_WORK TO BE COMPLETED_. Except for images, print the whole listing verbatim.

_AVAILABLE DATA_.

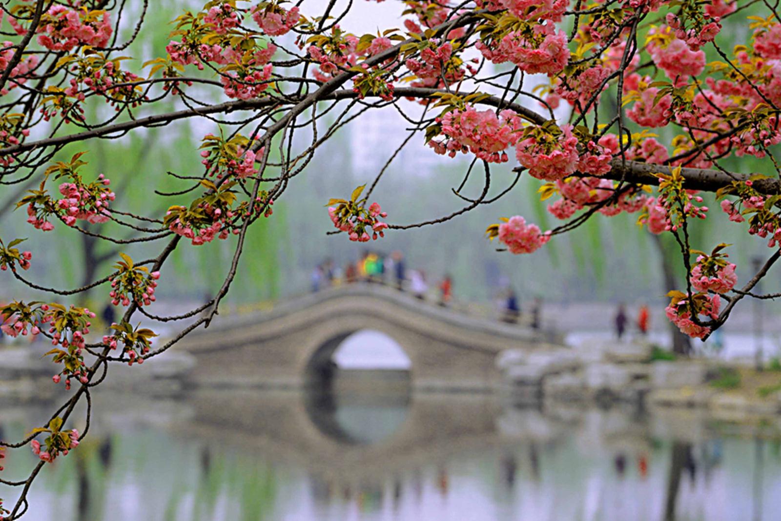 第十四届“春到玉渊潭”摄影比赛获奖作品《樱红桥上行》 作者:杨炯
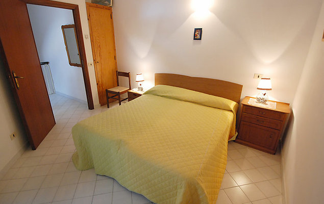 "A 1", apt 2 pièces 50 m2 sur 2 niveaux au 2ème étage. Partiellement mansardé, aménagement simple et fonctionnel: séjour/chambre à coucher avec baie vitrée avec 1 divan-lit, 1 lit gigogne, table pour les repas, coin-cuisine et TV (satellite). Coin cuisine (4 plaques de cuisson, four, congélateur). Air-conditionné, chauffage à air chaud (en sus). Possibilité de chauffage uniquement du 01.11. au 31.03. À l'étage supérieur: (escalier en colimaçon) 1 chambre double. Douche/bidet/WC. Belle vue sur la mer et la localité. A disposition: lave-linge. Veuillez noter: adapté(e) aux familles. Maximum 1 animal/ chien autorisé. Sans ascenseur.
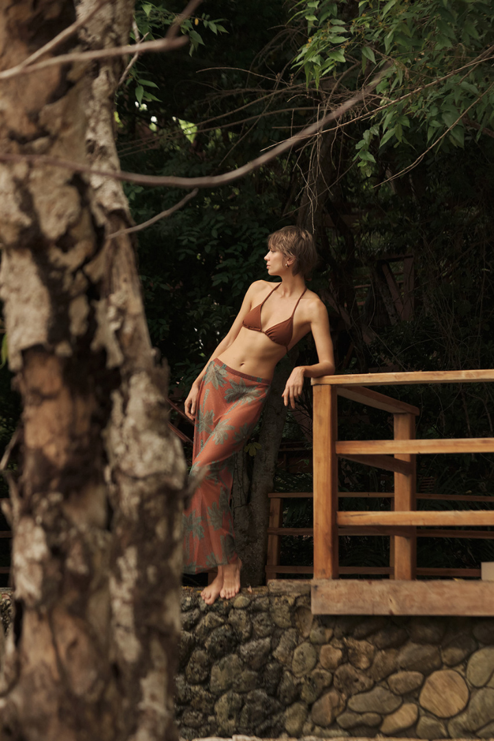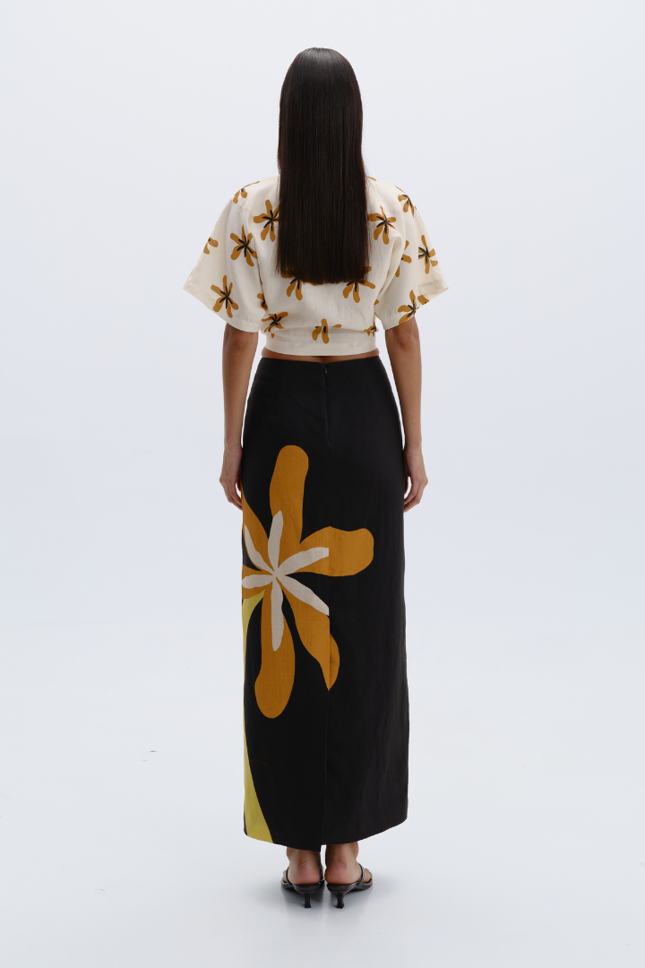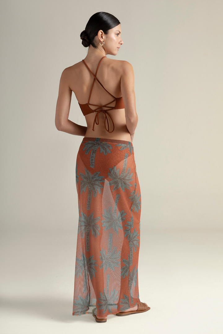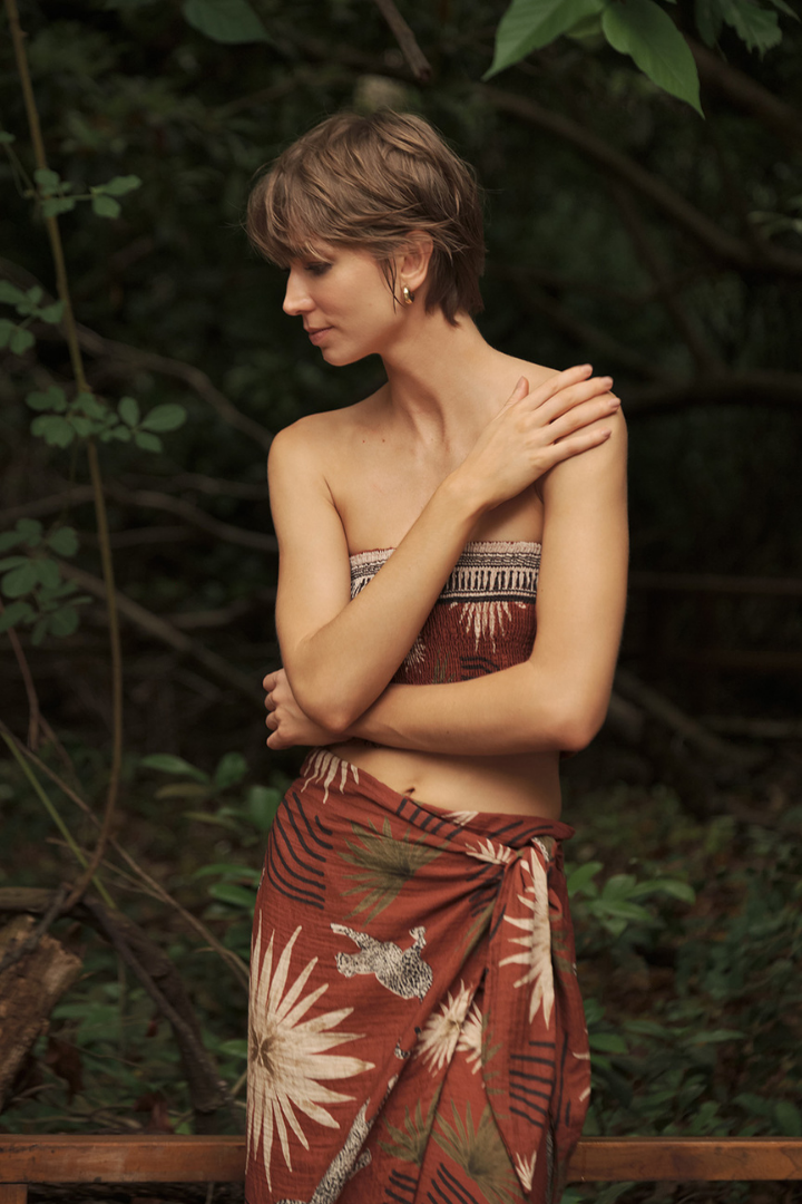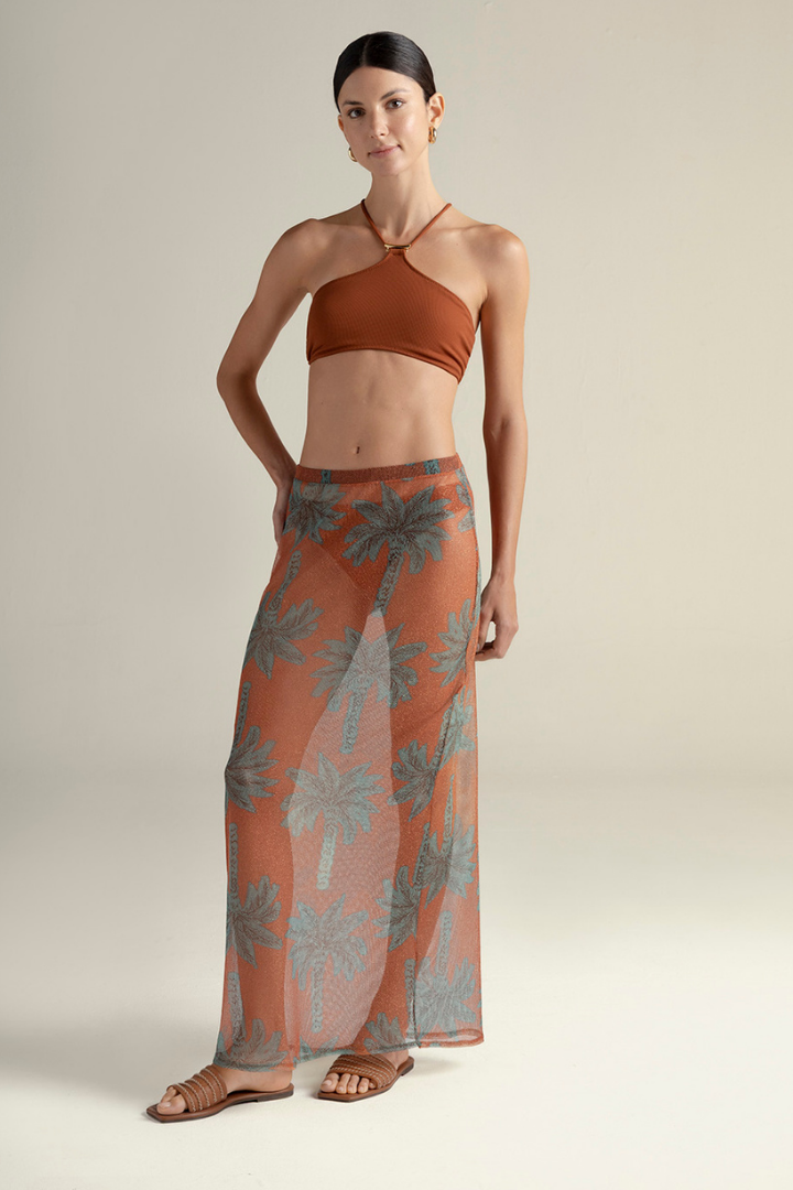 Strappy Top and Long Ivory/Green Pareo Skirt Set

_TASK RESULT_.
 第十四届“春到玉渊潭”摄影比赛获奖作品《樱红桥上行》 作者:杨炯
 "A 1", apt 2 pièces 50 m2 sur 2 niveaux au 2ème étage. Partiellement mansardé, aménagement simple et fonctionnel: séjour/chambre à coucher avec baie vitrée avec 1 divan-lit, 1 lit gigogne, table pour les repas, coin-cuisine et TV (satellite). Coin cuisine (4 plaques de cuisson, four, congélateur). Air-conditionné, chauffage à air chaud (en sus). Possibilité de chauffage uniquement du 01.11. au 31.03. À l'étage supérieur: (escalier en colimaçon) 1 chambre double. Douche/bidet/WC. Belle vue sur la mer et la localité. A disposition: lave-linge. Veuillez noter: adapté(e) aux familles. Maximum 1 animal/ chien autorisé. Sans ascenseur.
 Strappy Top and Long Ivory/Green Pareo Skirt Set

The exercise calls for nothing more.